Given the vector field $\vec A ( \vec r ) = \begin {pmatrix} 3x \\ -z \\ 2y \end {pmatrix}$, I have to prove that the vector field's curl in cartesian coordinates is the same as in spherical coordinates.
In cartesian coordinates:
$\nabla \times \vec A(\vec r) = \begin {pmatrix} 3 \\ 0 \\ 0 \end {pmatrix}$
In spherical coordinates:
$ \begin {pmatrix} \partial /\partial_r \\ \frac1r \partial / \partial_\theta \\ \frac{1}{r \sin \theta} \partial/\partial_\phi \end{pmatrix} \times \begin {pmatrix} 3r \sin\theta \cos \phi \\ -r \cos \theta \\ 2r \sin \theta \sin \phi\end{pmatrix} = \begin {pmatrix} 2 \cos \theta \sin \phi \\ -3 \sin \phi – 2 \sin \phi \sin \theta \\ -\cos \theta – 3 \cos\theta\cos\phi\end{pmatrix} $
But if I use Wikipedia's formula for curl, I receive $\begin {pmatrix} 4\sin\phi\cos\theta \\ -3\sin\phi -4\sin\theta\sin\phi \\ -2\cos\theta -3 \cos\theta\cos\phi\end {pmatrix}$
Now I got 2 questions about that:
First, where is my mistake?
Second, if I transform it back with $\phi = \arctan (\frac yx) $, I get $\phi = 0$ and thus $x=0$, which is wrong for both. Where am I wrong?
Best Answer
First, writing the vectors in component form (as column vectors) has made it less obvious that you need to use the product rule here.
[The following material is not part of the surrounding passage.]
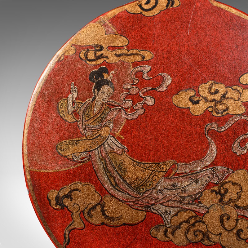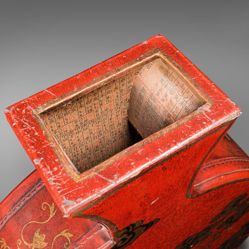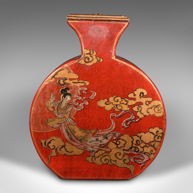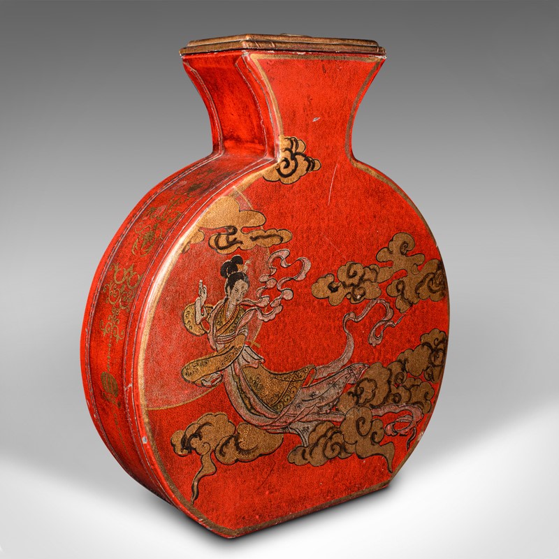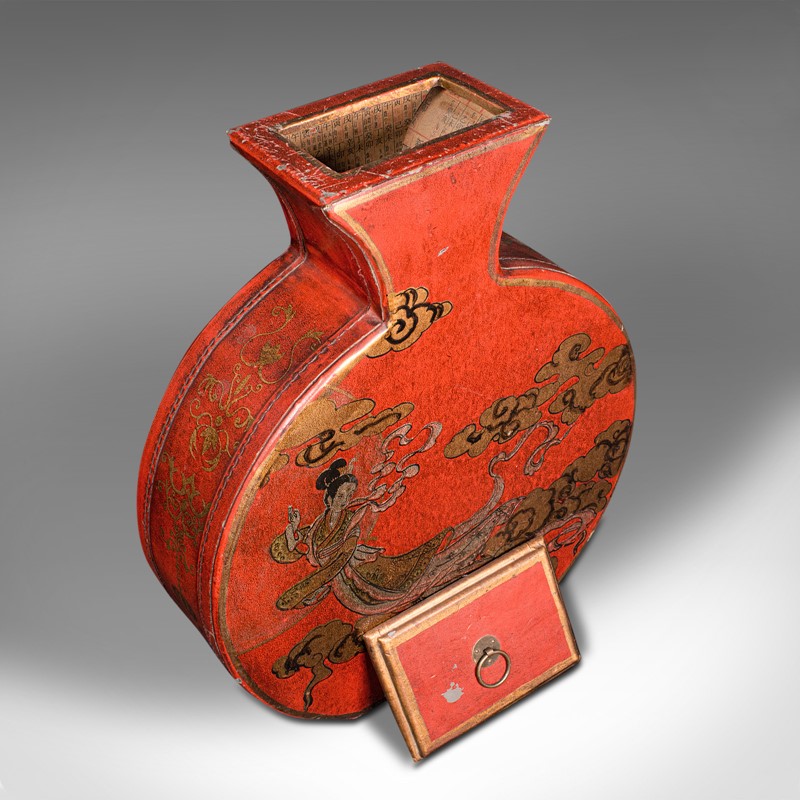 Small Vintage Dried Flower Vase, Chinese, Waxed Paper, Decorative Drum Urn, 1970

Let $\hat x, \hat y, \hat z$ be the usual Cartesian basis. The curl takes the form
$$\nabla \times A = (\nabla A^x) \times \hat x + A_x \nabla \times \hat x + \ldots$$
But since $\hat x$ is constant, $\nabla \times \hat x$ is zero. Hence, the formula for curl in Cartesian can be written
$$\nabla \times A = (\nabla A^x) \times \hat x + (\nabla A^y) \times \hat y + (\nabla A^z) \times \hat z$$
Once you do the cross products, you get $(\partial_y A^z - \partial_z A^y) \hat x$ and so on, as you usually would expect.
In spherical, however, the basis vectors depend on position. $\nabla \times \hat \theta$ isn't zero, for instance. That's where the terms in Wikipeida's form come from.
Second, when you converted $3x \hat x - z \hat y + 2 y \hat z$, you converted $x, y, z$ to spherical coordinates, but you didn't convert the basis. It's quite clear that you wrote
$$ 3x \hat x - z \hat y + 2 y \hat z = 3 r \sin \theta \cos \phi \hat x - r \cos \theta \hat y + 2r \sin \theta \sin \phi \hat z$$
You need to write this in terms of the spherical basis vectors in order to apply the formula for curl in spherical properly.
In summary, remember that curl in a general coordinate system is not as simple as it looks in Cartesian. You can always derive the correct formula for a given coordinate basis by using the product rule. If $\alpha$ is a scalar field and $F$ a vector field, then
$$\nabla \times (\alpha F)= (\nabla \alpha) \times F + \alpha \nabla \times F$$
make $\alpha$ the components and $F$ the basis vectors to derive the correct curl formula for your coordinate system.
Second, make sure you write all vectors and vector operators in the same basis.